Engagement der ambulanten Ärzteschaft ermöglicht hohe Transparenz

Der Bund und die FMH kommen auf das gleiche Resultat

DOI: https://doi.org/10.4414/saez.2018.17264
Veröffentlichung: 24.10.2018
Schweiz Ärzteztg. 2018;99(43):1480-1481

Esther Kraft

Abteilungsleiterin DDQ

An der Erhebung «MAS 2015» (für Medical Ambulatory Structure) haben knapp 7000 Arztpraxen und ambulante Zentren Angaben über ihre ­Tätigkeit, Umsatz und Betriebsergebnis gemacht. Die Rücklaufquote betrug insgesamt gegen 75%. Der Abgleich der MAS-2015-Ergebnisse mit ärzteeigenen Daten zeigt vergleichbare Ergebnisse trotz unterschiedlicher Datenquellen. Das durchschnittliche Ergebnis aus Praxis- und anderen Tätigkeiten beträgt 155 000 CHF, wobei 89% der Praxistätigkeit prämienfinanziert sind.

Ausgangslage

Am 20. März 2018 publizierte das Bundesamt für Statistik BFS die Analyse der Teilnahmezahlen und der Grundgesamtheit aller Ärzte für die erste Erhebung «Strukturdaten der Arztpraxen und ambulanten Zen­tren (MAS) [1]. Rund drei Viertel der angeschriebenen Arztpraxen und ambulanten Zentren lieferten Angaben zu ihrer Situation. Fast 7000 Arztpraxen und ambulante Zentren, und damit die Hälfte der zur bereinigten Grundgesamtheit gehörenden Unternehmen, haben den Fragebogen ausgefüllt und Daten geliefert [1]. Darauf basierend war es dem BFS weiter möglich, am 10. April 2018 die ersten Ergebnisse aus der Erhebung MAS 2015 zu publizieren [2]. Die Erhebung der Daten zu statistischen Zwecken für MAS 2015 erfolgte auf der Basis von Artikel 23 des Krankenversicherungsgesetzes KVG und in Anwendung des Bundesstatistikgesetzes (BStatG).

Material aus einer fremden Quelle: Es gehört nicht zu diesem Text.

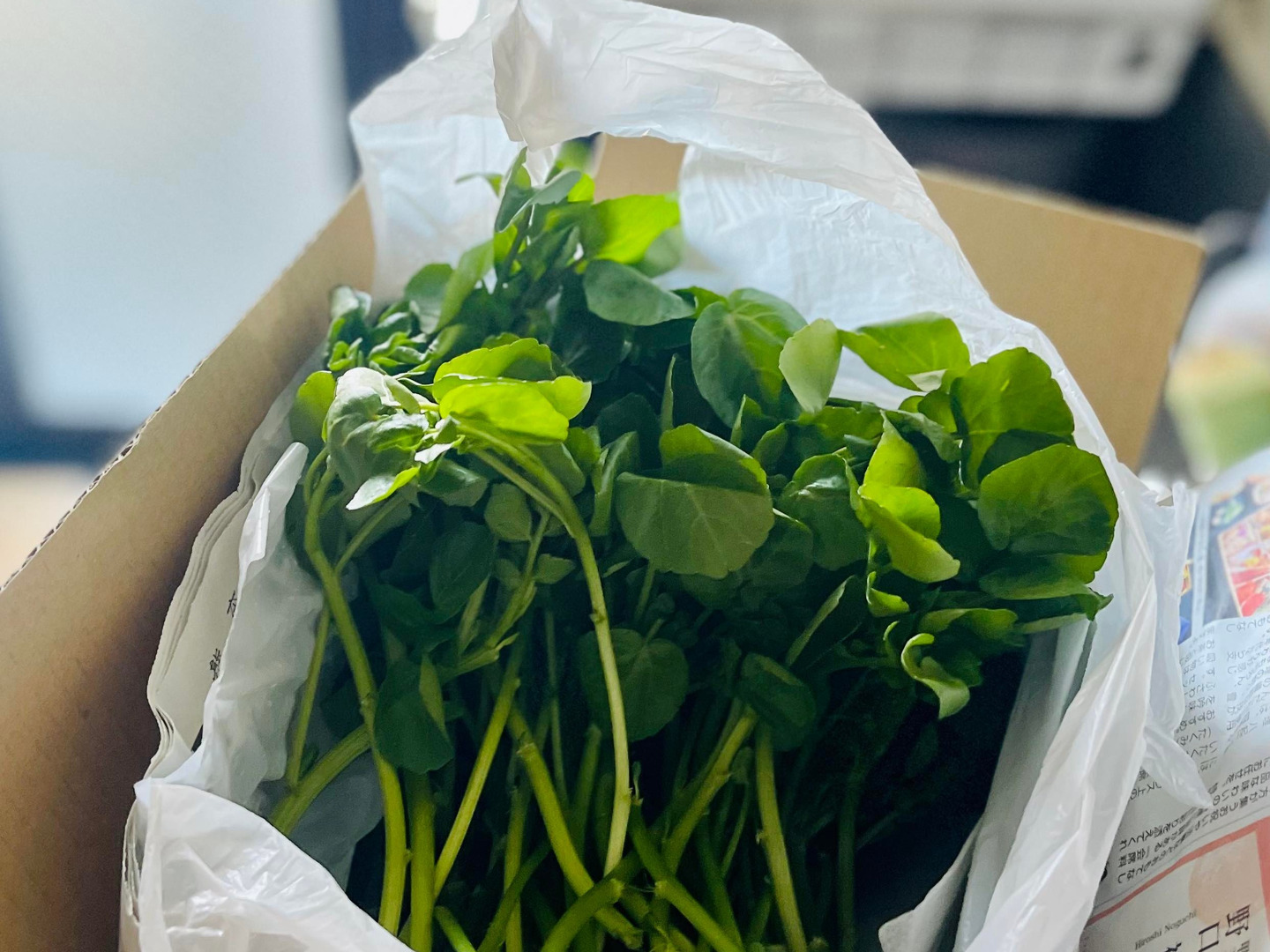 通常、クレソンは100gごとに個包装しています。今回の増量版/簡易包装版では、小分けせず、ダンボールに詰めての発送となります。

Somit kann die erste Erhebung als Erfolg betrachtet werden. Gemäss dem BFS war eine wichtige «Voraussetzung für die Teilnahme der Ärzteschaft an der Er­hebung MAS 2015, dass die FMH als wichtigste Berufs­organisation sowie ihre Partner (Ärztekasse und NewIndex) die Datenlieferung zu statistischen Zwecken unterstützten. Schnittstellen zu den bestehenden Datensammlungen der Ärztekasse (RoKo), der New­Index, der FMH und des MedReg vereinfachten den ­Unternehmen die Datenerfassung. Einerseits konnten dadurch mit wenigen Klicks bestehende Daten importiert, andererseits eine hohe Datenqualität gewährleistet werden» [1].

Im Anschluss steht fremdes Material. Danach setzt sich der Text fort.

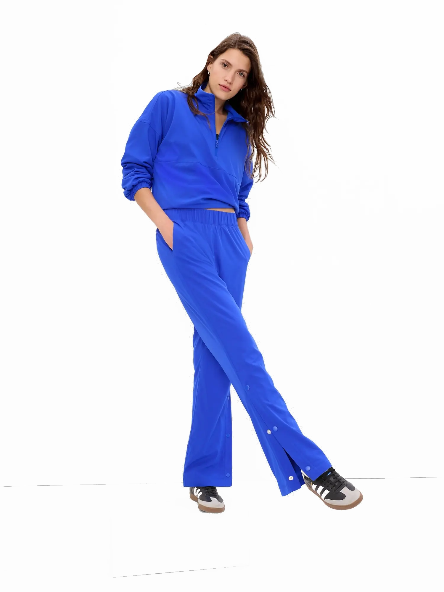 - Gładkie nylonowe spodnie z przytulną polarową podszewką.

Analyse der Daten durch die FMH

Die Ergebnisse aus der Erhebung MAS 2015 sind für die FMH und die Ärzteschaft von zentraler Bedeutung und Interesse. Auf Grundlage des Bundesstatistikgesetzes und der Verordnung über die Durchführung von statistischen Erhebungen des Bundes sowie des Datenschutzgesetzes machte die FMH von der Möglichkeit Gebrauch, die Daten der Erhebung MAS 2015 mit einer klaren Zweckformulierung betreffend Forschung, Planung und Statistik beim BFS zu beantragen.

Der Abgleich der Ergebnisse aus der MAS-2015-Erhebung mit den ärzteeigenen Daten hinsichtlich Qualität, Aussagekraft und Interpretation soll eine trans­parente und faktenbasierte Diskussion auf Basis einer validierten Datengrundlage ermöglichen.

Abgleich der Ärztezahlen und der Finanzdaten

In einer ersten Analysephase wurden die Ergebnisse zur Anzahl berufstätiger Ärzte und deren Arbeitspensum aus der MAS-2015-Erhebung und der FMH-Ärzte­statistik verglichen. In einem zweiten Schritt wurden die Finanzdaten aus der MAS-Erhebung den verfügbaren Daten aus der Rollenden Kostenstudie (RoKo) gegenübergestellt.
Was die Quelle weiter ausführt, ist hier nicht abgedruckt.